Jesus is offering her an entirely different well. He’s saying, look you can get trudging back to this same well, but you are going to get the same results. But if you pull your water from my well you will be satisfied. Jesus isn’t talking about literal water. Rather about her worth, her identity, her value, and her purpose. He’s telling her if you get those things from me, you won’t need to hide in shame anymore. You will be enough, you will be sacrificed. 

Grace Was Felt Before Truth Was Heard

John 4:16-18 is kind of a cringe moment. The conversation is progressing well and then Jesus says something abrupt and kinda offensive. Knowing full well she’s been married 5 times and is currently seeing a guy she isn’t married to, Jesus tells her to go get her husband. 

Jesus is pointing out a painful part of her life where things aren’t going so well.
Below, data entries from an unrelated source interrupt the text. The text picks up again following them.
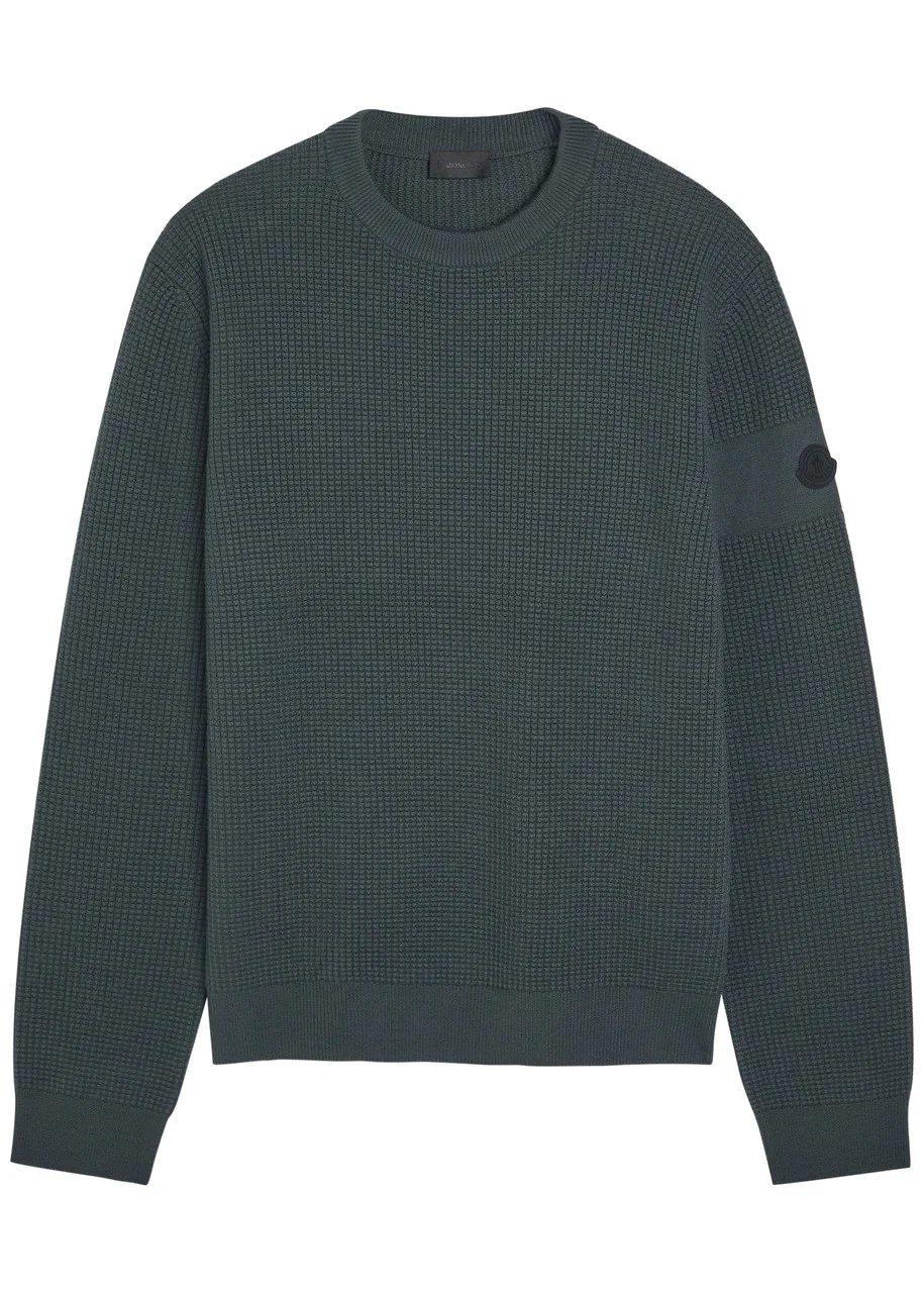 Info & Care Moncler wool jumper; Waffle knit, Round-neck, rubberised designer plaque at sleeve, ribbed trims Slips on 100% virgin wool; Dry clean; Size & Fit Length shoulder to hem: 27.5 inches/ 70.5cm Midweight Regular fit Model is 6'2"/ 188cm, chest size 38 inches and wears a size medium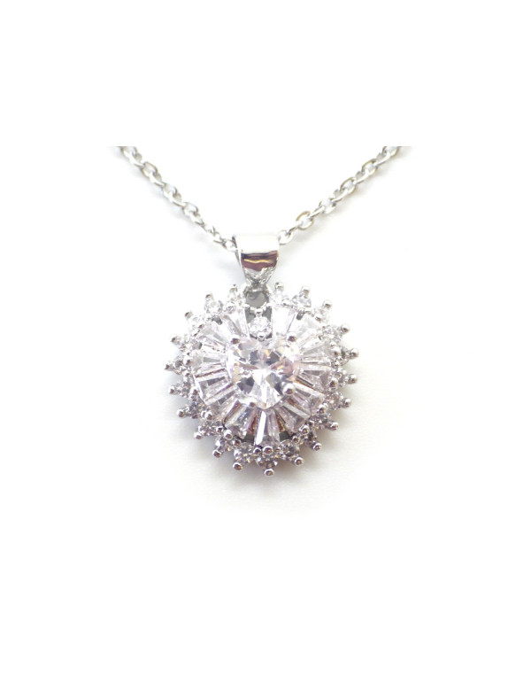 Símbolo de amor y elegancia, este collar se distingue por su colgante de corazón de 18 mm, realzado por una circonita central en forma de corazón rodeada de baguettes y piedras brillantes. Fabricado en acero inoxidable bañado en plata, está montado en una cadena de 45 cm con una extensión de 5 cm, para un ajuste cómodo y ajustable. Elaborado artesanalmente en nuestro taller de Anjou, esta romántica joya iluminará tus atuendos con brillo y refinamiento.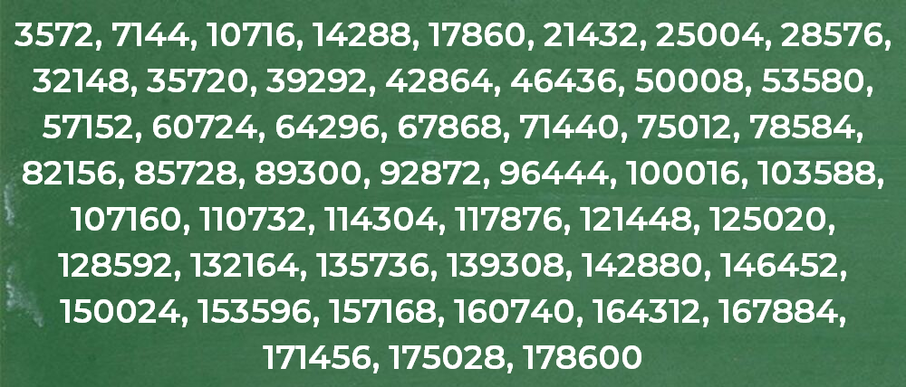 3572, 7144, 10716, 14288, 17860, 21432, 25004, 28576, 32148, 35720, 39292, 42864, 46436, 50008, 53580, 57152, 60724, 64296, 67868, 71440, 75012, 78584, 82156, 85728, 89300, 92872, 96444, 100016, 103588, 107160, 110732, 114304, 117876, 121448, 125020, 128592, 132164, 135736, 139308, 142880, 146452, 150024, 153596, 157168, 160740, 164312, 167884, 171456, 175028, 178600.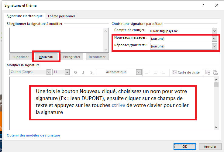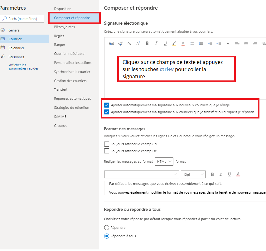 ctrl_+_v pour coller la signature. Sélectionner ensuite la signature créée pour les options
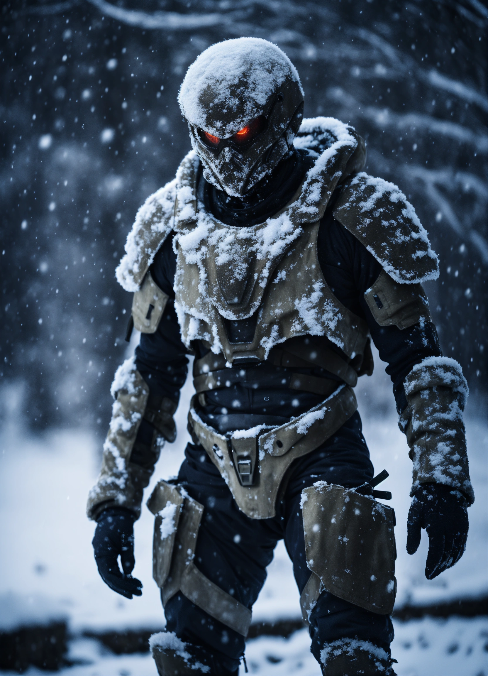 A alien soldier monster, full body portrait in a lanscape, wearing white winter, during a snow storm, dark lighting, intricate details, depth of field, in a cold snowstorm, outdoors, night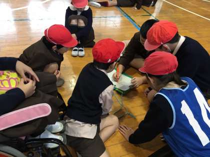 のヒントでどの県か、たてわり班で考えました。ヒントを聞きながらどこだろう?と班のみんなで考えていました。
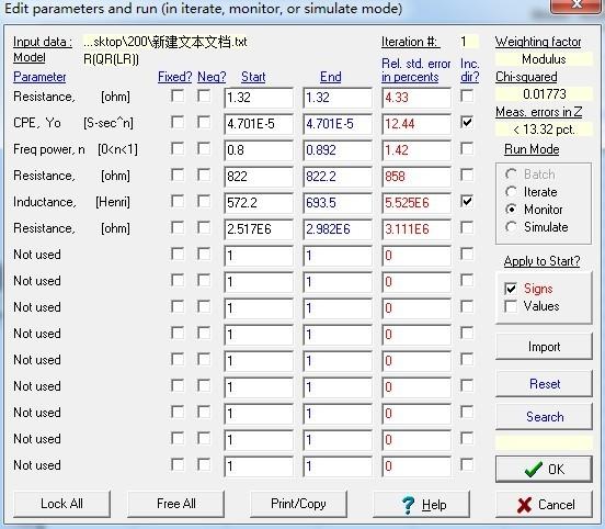 下面是我一组阻抗拟合结果,等效电路选择的是R(QR((LR)),请问下结果显示中,哪个表示溶液电阻Rs?电荷传递电阻Rt?电容Cd? 另外,请问这个拟合结果算理想不?还是需要再重新拟合?速求,谢谢! 2.jpg |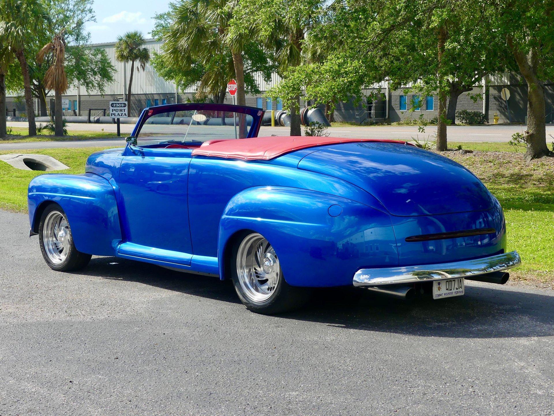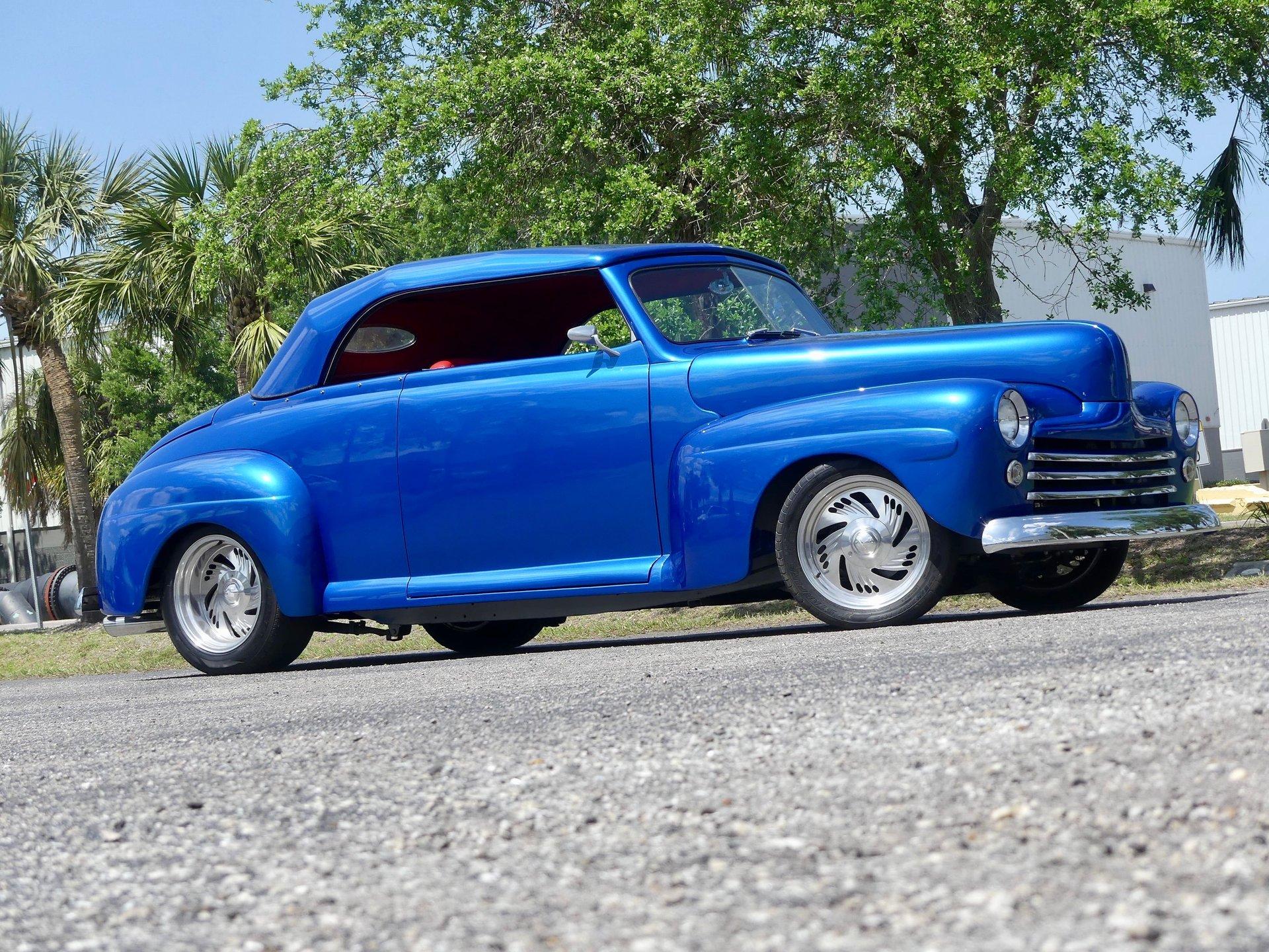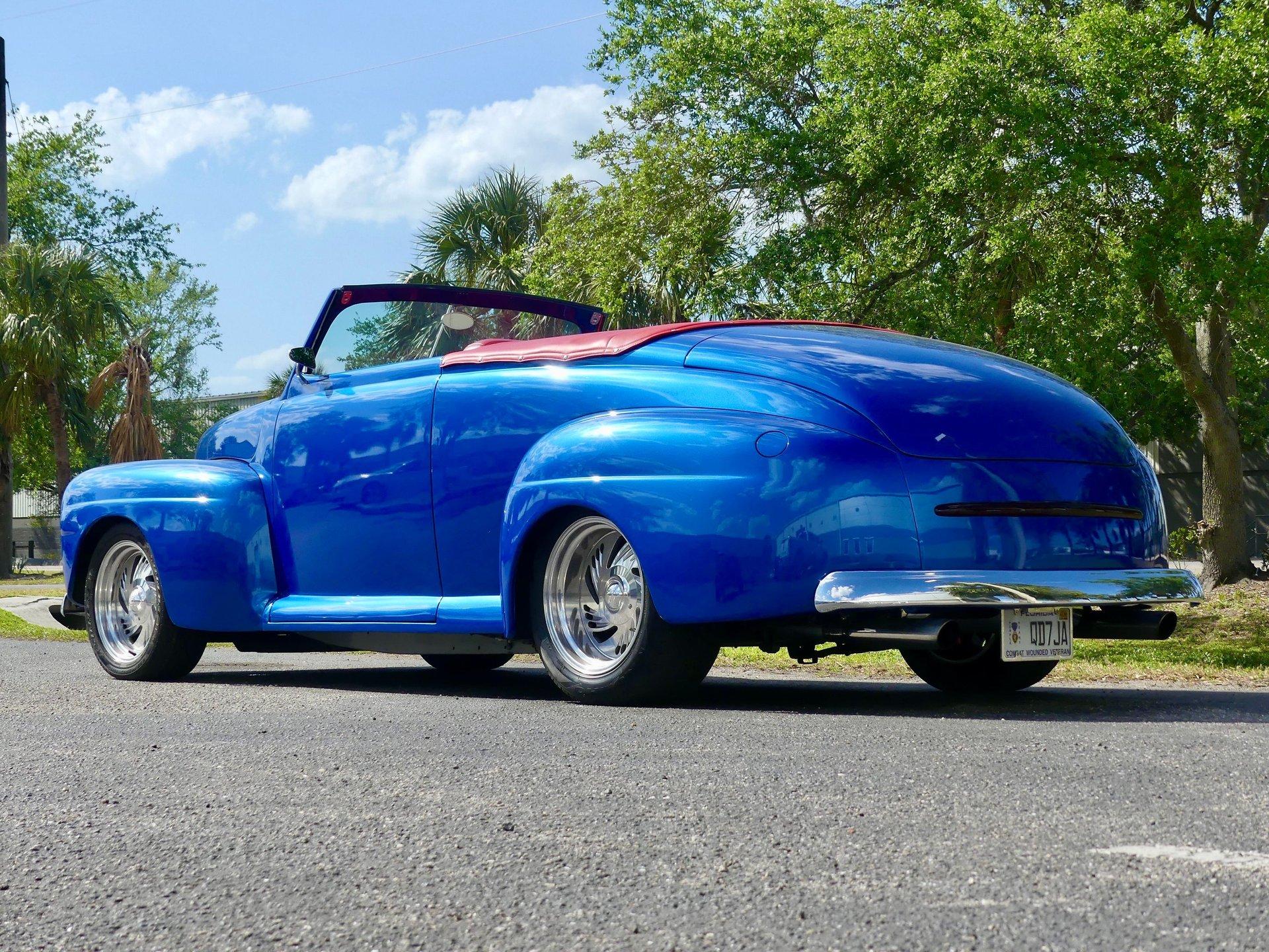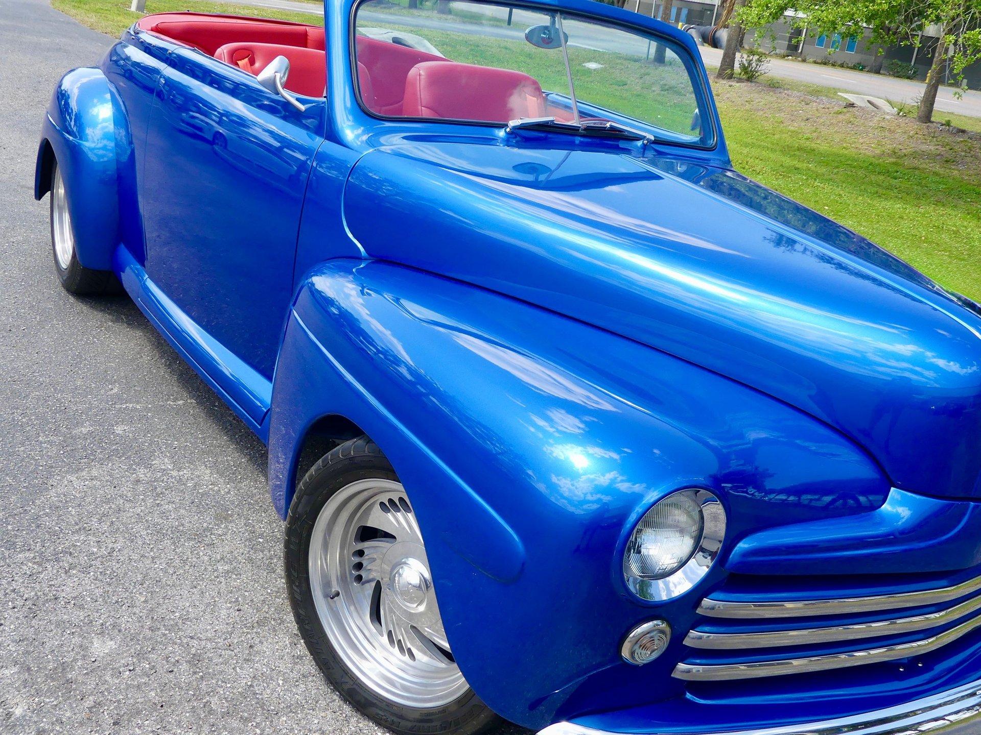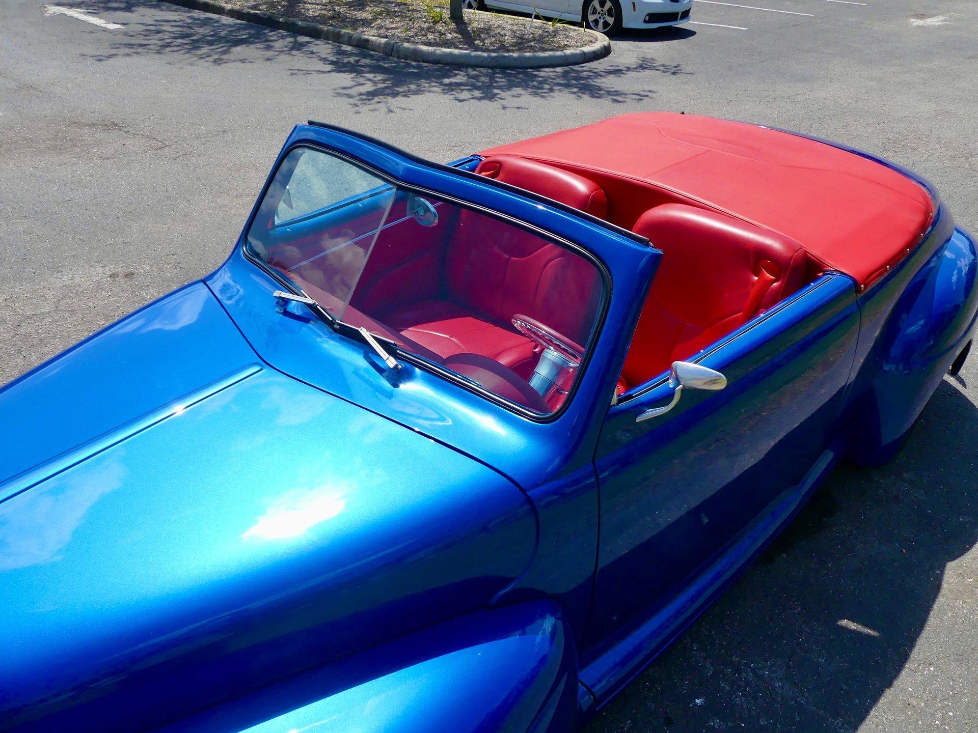 This awesome 1948 Ford street rod is a totally custom convertible, with a one off removable hard top and custom roadster tonneau cover. It is painted in a beautiful bright blue metallic paint that shines like a diamond in the sun. Shaved door handles and a custom single tail light let you know right away that she is far from stock! You can also raise the power trunk lid with the flick of a switch.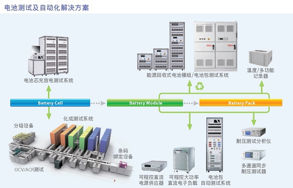 电池测试是一个十分复杂而且关键的过程,需要准确、精细、快速、可靠的测试设备和系统。而Chroma 电子所提供的电池测试方案,则具备全面性、多样性和先进性,能够帮助客户进行充电、放电、容量、效率、循环寿命、温度及安全性等方面的综合测试,并实现精确、实时、远程和批量的数据采集和分析。在这个复杂的测试过程中,使用了不同种类的仪器,包括电子负载、电压电流源、直流电源、电池测试仪及自动化测试系统等。
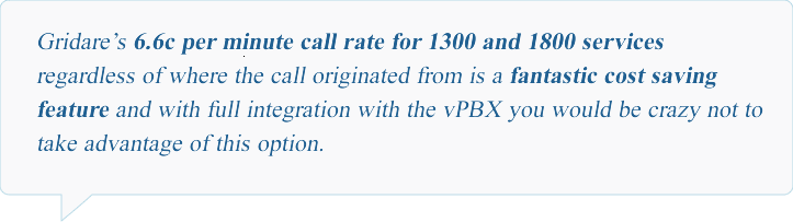 Gridare is able to provide you with 1300 local call and 1800 free call from anywhere in Australia numbers. Gridare can also transfer existing 1300 and 1800 numbers for you with a once off porting fee of $66. These services are easy to integrate into your Gridare Internet Telephony system and can be customized using the features of Gridare PBX.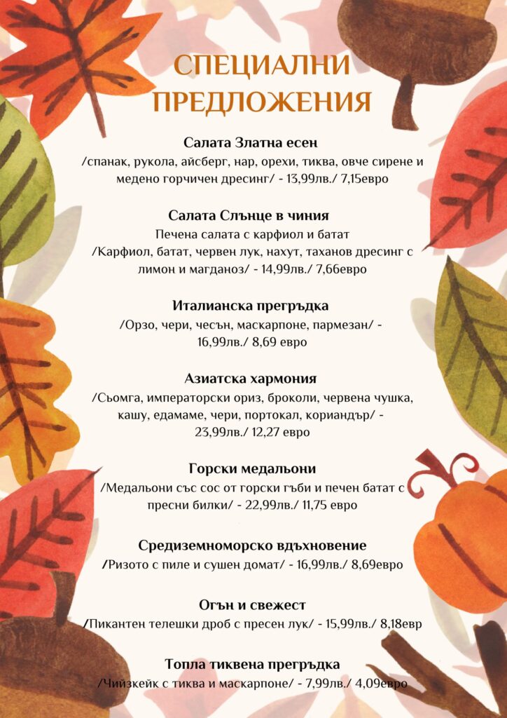 Поръчайте от нашето обедно меню на тел: +359 898 880 102

We don’t know the circumstances, but 5 marriages point to it not being great. And Jesus goes right to her sore spot. Not to be mean. Back to the other point, to show her there’s a better way of living. 

This is important. Jesus never shies away from telling the truth. But he always makes sure his grace is felt. Real truth doesn’t condemn, it sets us free. Jesus doesn’t point His finger to make her feel bad. He’s pointing out the error in her ways so she can live in freedom. And let’s not forget he’s already given her grace for her past failures. He’s offering her something better with grace AND truth. 

The result? Her life is changed. But not just her life. A couple of chapters later we find out that she went and told her whole village about Jesus. Their lives are changed too. With a little grace and a little truth, a whole village was changed. 

What It Means For Us

Maybe the biggest takeaway from the story of the woman at the well for us is to act as Jesus did. We shouldn’t shy away from the truth and we shouldn’t be stingy with our grace. We often lean towards grace OR truth. But Jesus was full of both. 

That’s a challenge I know. Our culture lives in the extreme. We either bash people with truth. Misunderstanding that you can be right in your belief but wrong in how you carry it out. Or we excuse everything in the name of grace. Not understanding that true love requires us to tell the truth. 

We need to tell people the truth about their actions. But we need to tell them in grace that sets them free and not holds them down in shame. We need to be full of grace and truth. 

How you experience someone treating with only grace or only truth?